Gabriel se levantó a María (ahora a María le gusta Gabriel)

Yo no levanto pero ni el polvo (yo no le gusto a nadie/nadie me quiere)

Vamos a ver quién levanta más (quién puede obtener más atención del sexo opuesto).

La verdad es que no tengo la más mínima idea de como traducir esto... Me parece que "win his/her heart" o "get his/her attention" suenan como tontas y no son coloquiales como levantarse a alguien... 

Gracias de antemano


----------



## peterfenn

Hola

_win his/her heart_ es un poco anticuado para tu idea.

_get his/her attention_ no tiene connotaciones suficientes de atracción romántica.

Podrías decir:_ get him/her to fancy him/her_

Es bastante coloquial por lo que creo te puede servir, aunque es muy del inglés británico.


----------



## Fanalesu

Gracias peterfenn! Y cómo sería el tercer ejemplo de "vamos a ver quién levanta más"? Let's see who can get more fancies? Jejejej me suena muy extraño


----------



## peterfenn

Jeje, sí.

Sería _Let's see who can get the most birds (tías) to fancy them_.


----------



## Clarísima

Vamos a ver quién levanta más = 

Let's see who can *pick up* more girls/chicks! Please note that "to pick up" is slang, and is not very... romantic. 

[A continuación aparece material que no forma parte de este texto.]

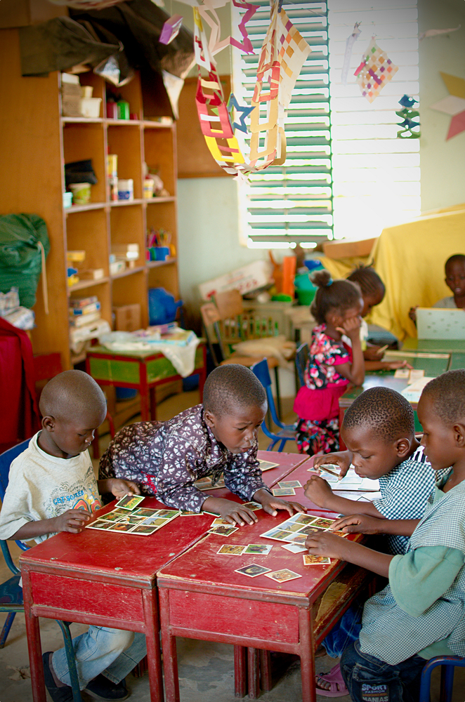 I loved watching these boys and their seriousness in playing memory for the first time ... they were discussing what animal was on the picture :) This is an image with the theme "Play" from: Mali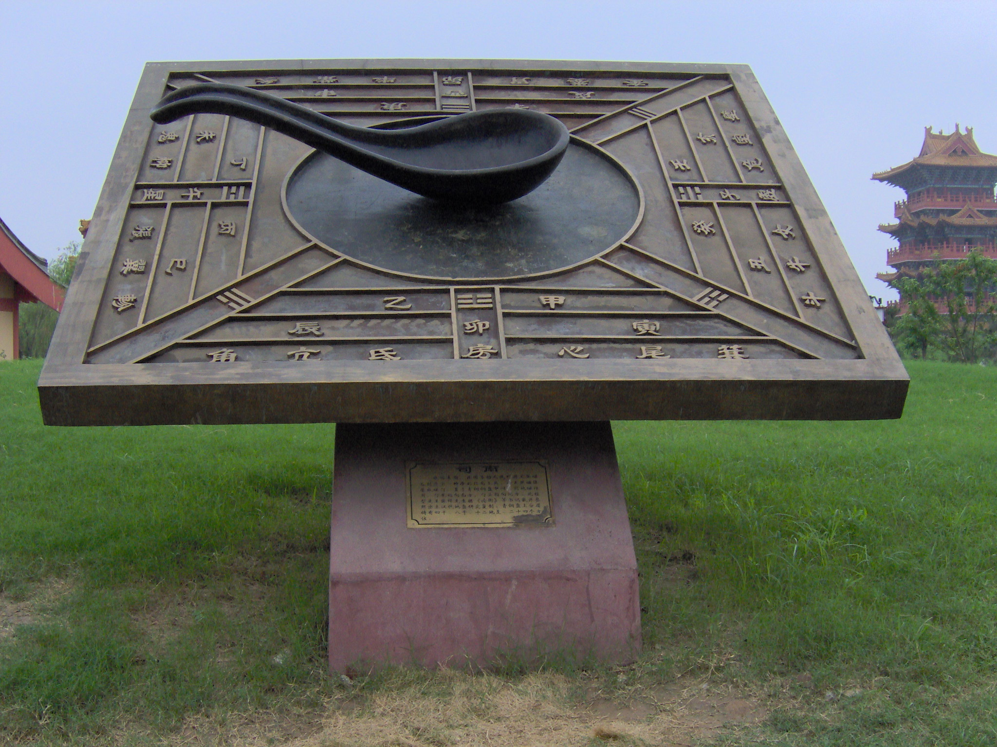 Antic chinese Compass, picture took in Kaifeng, Henan, China.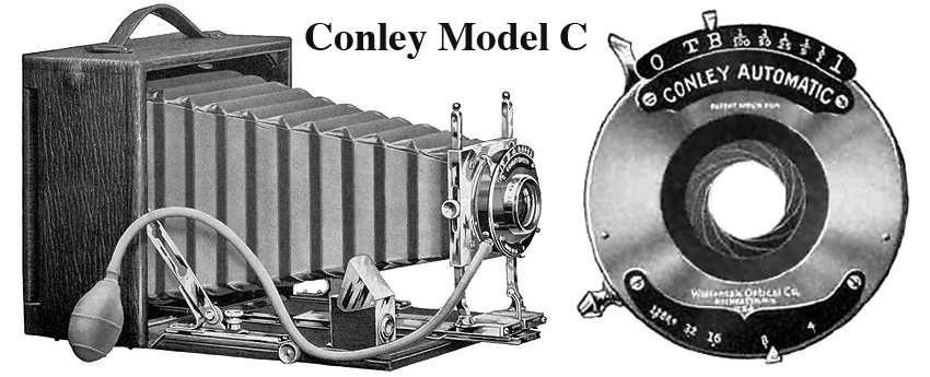 A Conley Model C folding camera

Also, for the first 2 examples, you might also want to play around with the american phrase of "going out." I know it is not an exact translation, but it might work.

Gabriel se levantó a María = Gabriel is going out with María.
Yo no levanto pero ni el polvo = I'm not going out with anybody!


----------



## Moritzchen

Levantar: to pick up.
He picked up a chick. Gabriel picked up Maria. 
I cannot even pick up dust.


----------



## Vale_yaya

Clarísima said:


> Vamos a ver quién levanta más =
> 
> Let's see who can *pick up* more girls/chicks! Please note that "to pick up" is slang, and is not very... romantic.
> 
> Also, for the first 2 examples, you might also want to play around with the american phrase of "going out." I know it is not an exact translation, but it might work.
> 
> Gabriel se levantó a María = Gabriel is going out with María.
> Yo no levanto pero ni el polvo = I'm not going out with anybody!


 
Yo creo que "pick up" es un verbo que puede expresar lo mismo que "levantar" en éste específico contexto. "Levantar" es muy informal y para nada romántico, al igual que "pick up".

"Gabriel se levantó a María" doesn't mean He is going out with María. It just means that he was flirting with her, and finally she likes him too (or at least it seems like).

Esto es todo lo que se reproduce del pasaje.